DATA BLOCK
====

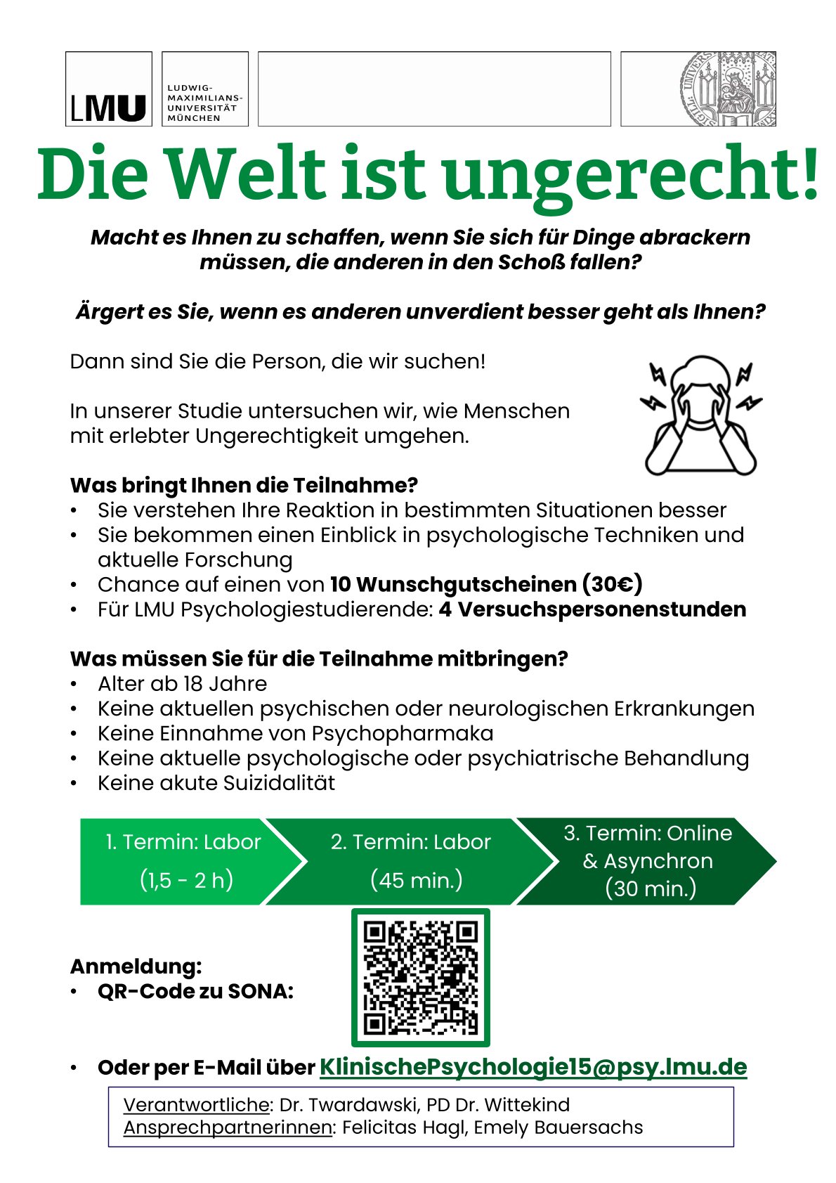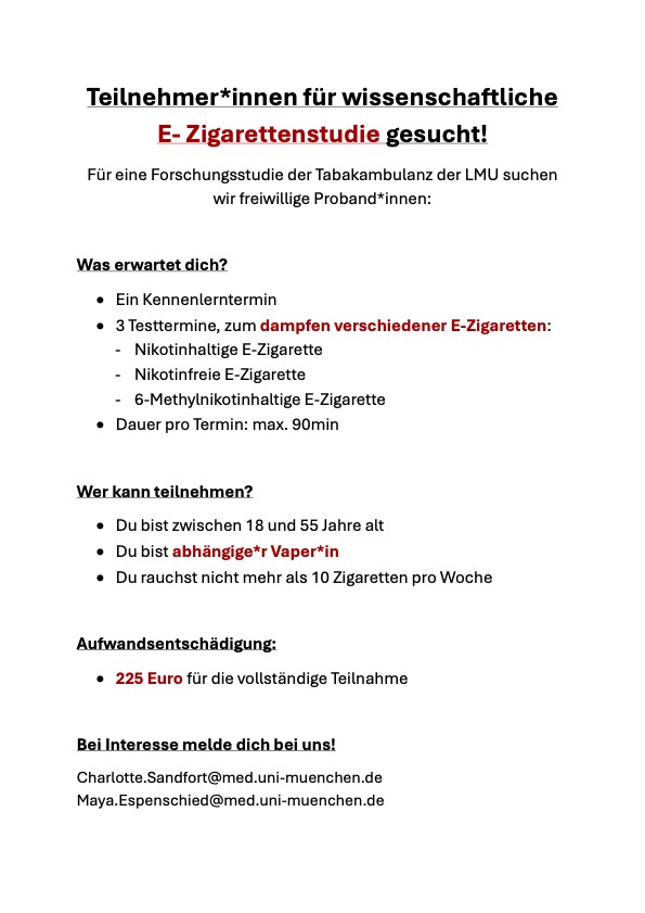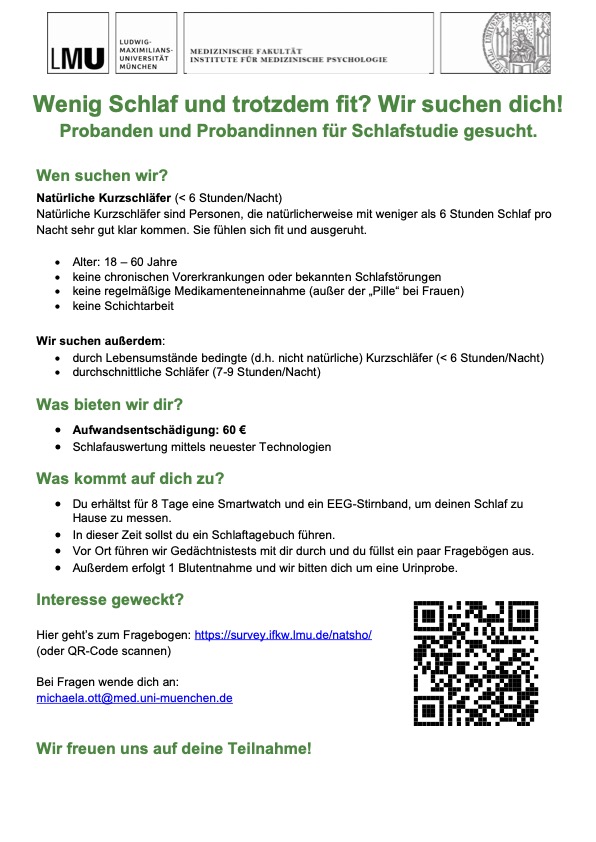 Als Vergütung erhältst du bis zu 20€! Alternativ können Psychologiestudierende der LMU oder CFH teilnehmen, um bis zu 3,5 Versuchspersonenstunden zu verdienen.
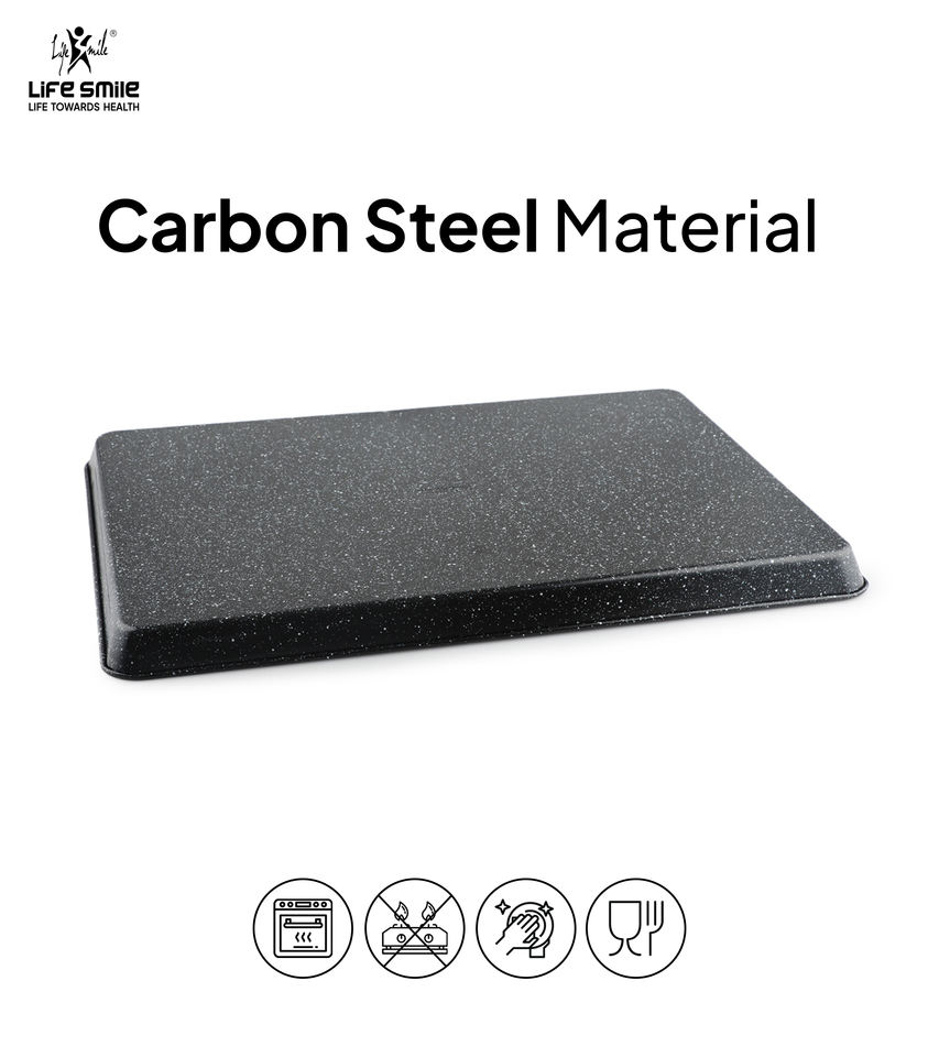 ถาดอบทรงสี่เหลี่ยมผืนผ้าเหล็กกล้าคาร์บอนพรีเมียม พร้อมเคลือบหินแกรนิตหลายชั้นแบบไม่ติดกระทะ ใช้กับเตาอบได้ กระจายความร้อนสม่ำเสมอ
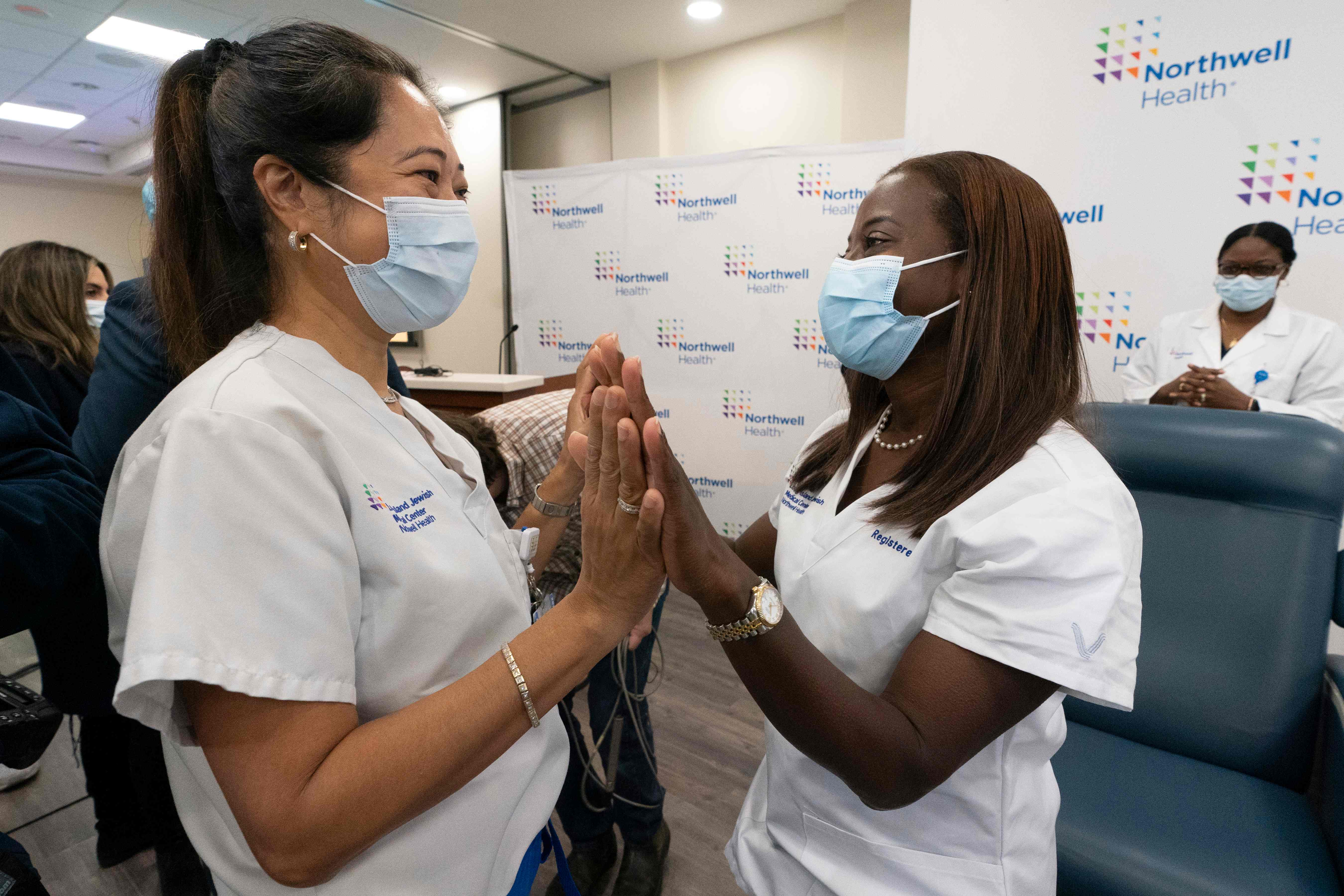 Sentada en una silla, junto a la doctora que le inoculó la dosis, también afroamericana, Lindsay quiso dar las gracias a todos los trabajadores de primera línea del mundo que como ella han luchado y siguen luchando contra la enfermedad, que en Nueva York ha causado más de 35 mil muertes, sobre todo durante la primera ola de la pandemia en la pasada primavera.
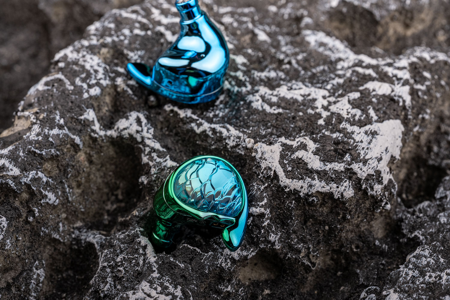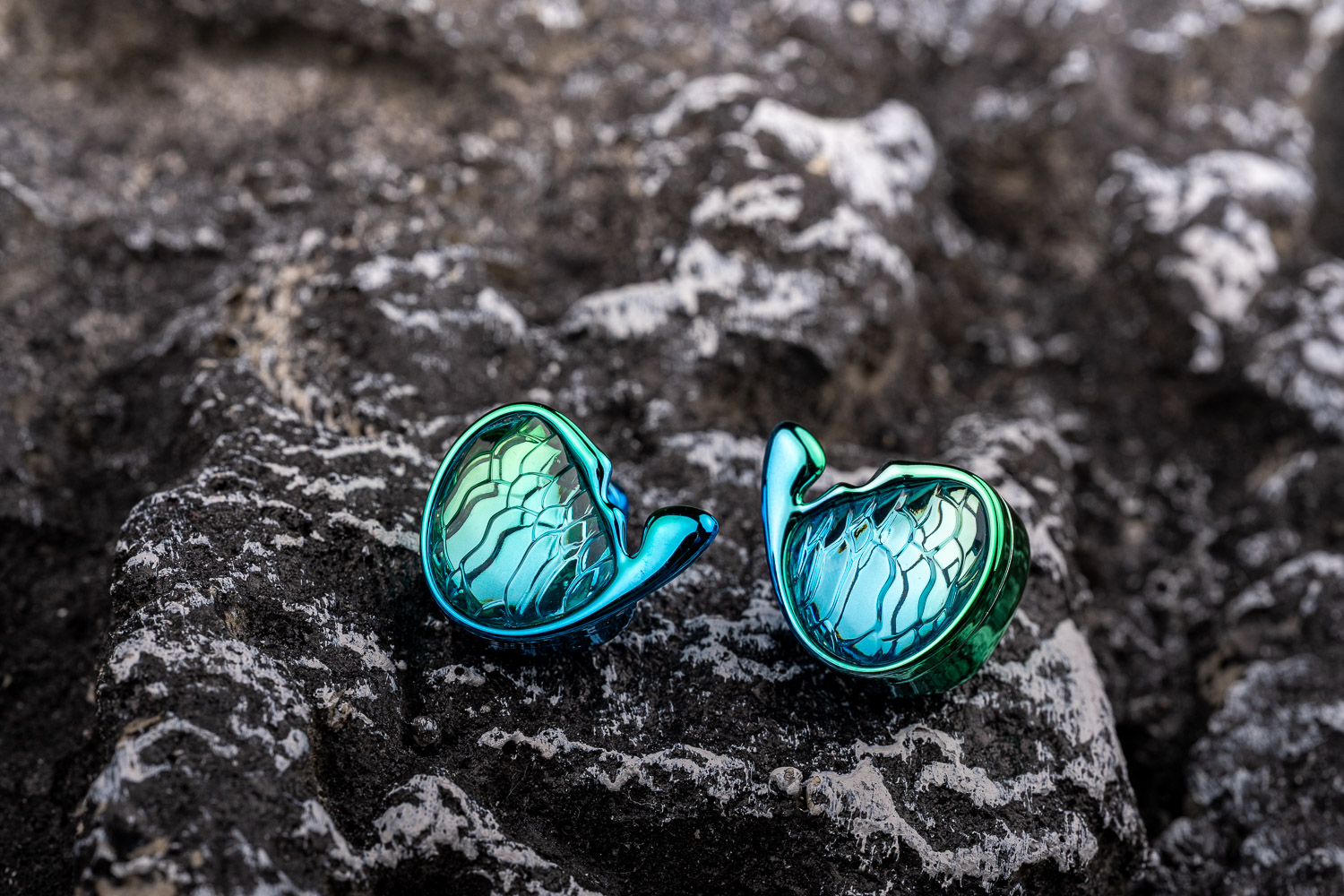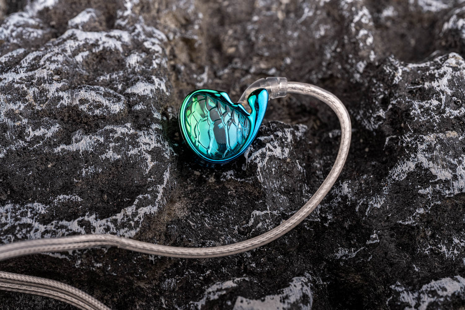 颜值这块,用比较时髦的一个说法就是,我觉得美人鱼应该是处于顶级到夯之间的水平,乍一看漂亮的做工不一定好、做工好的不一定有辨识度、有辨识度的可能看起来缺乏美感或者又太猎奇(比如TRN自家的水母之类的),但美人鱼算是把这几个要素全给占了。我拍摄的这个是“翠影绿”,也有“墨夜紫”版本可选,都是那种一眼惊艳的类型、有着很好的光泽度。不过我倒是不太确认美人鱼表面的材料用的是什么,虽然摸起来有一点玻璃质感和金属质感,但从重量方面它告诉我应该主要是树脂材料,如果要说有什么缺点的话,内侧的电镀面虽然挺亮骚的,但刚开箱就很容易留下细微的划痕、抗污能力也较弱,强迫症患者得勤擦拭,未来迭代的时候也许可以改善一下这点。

====

TASK REQUIREMENTS
Copy out the material above in full and exactly; its pictures are not to appear.

ANSWER TO THIS EXERCISE
 Als Vergütung erhältst du bis zu 20€! Alternativ können Psychologiestudierende der LMU oder CFH teilnehmen, um bis zu 3,5 Versuchspersonenstunden zu verdienen.
 ถาดอบทรงสี่เหลี่ยมผืนผ้าเหล็กกล้าคาร์บอนพรีเมียม พร้อมเคลือบหินแกรนิตหลายชั้นแบบไม่ติดกระทะ ใช้กับเตาอบได้ กระจายความร้อนสม่ำเสมอ
 Sentada en una silla, junto a la doctora que le inoculó la dosis, también afroamericana, Lindsay quiso dar las gracias a todos los trabajadores de primera línea del mundo que como ella han luchado y siguen luchando contra la enfermedad, que en Nueva York ha causado más de 35 mil muertes, sobre todo durante la primera ola de la pandemia en la pasada primavera.
 颜值这块,用比较时髦的一个说法就是,我觉得美人鱼应该是处于顶级到夯之间的水平,乍一看漂亮的做工不一定好、做工好的不一定有辨识度、有辨识度的可能看起来缺乏美感或者又太猎奇(比如TRN自家的水母之类的),但美人鱼算是把这几个要素全给占了。我拍摄的这个是“翠影绿”,也有“墨夜紫”版本可选,都是那种一眼惊艳的类型、有着很好的光泽度。不过我倒是不太确认美人鱼表面的材料用的是什么,虽然摸起来有一点玻璃质感和金属质感,但从重量方面它告诉我应该主要是树脂材料,如果要说有什么缺点的话,内侧的电镀面虽然挺亮骚的,但刚开箱就很容易留下细微的划痕、抗污能力也较弱,强迫症患者得勤擦拭,未来迭代的时候也许可以改善一下这点。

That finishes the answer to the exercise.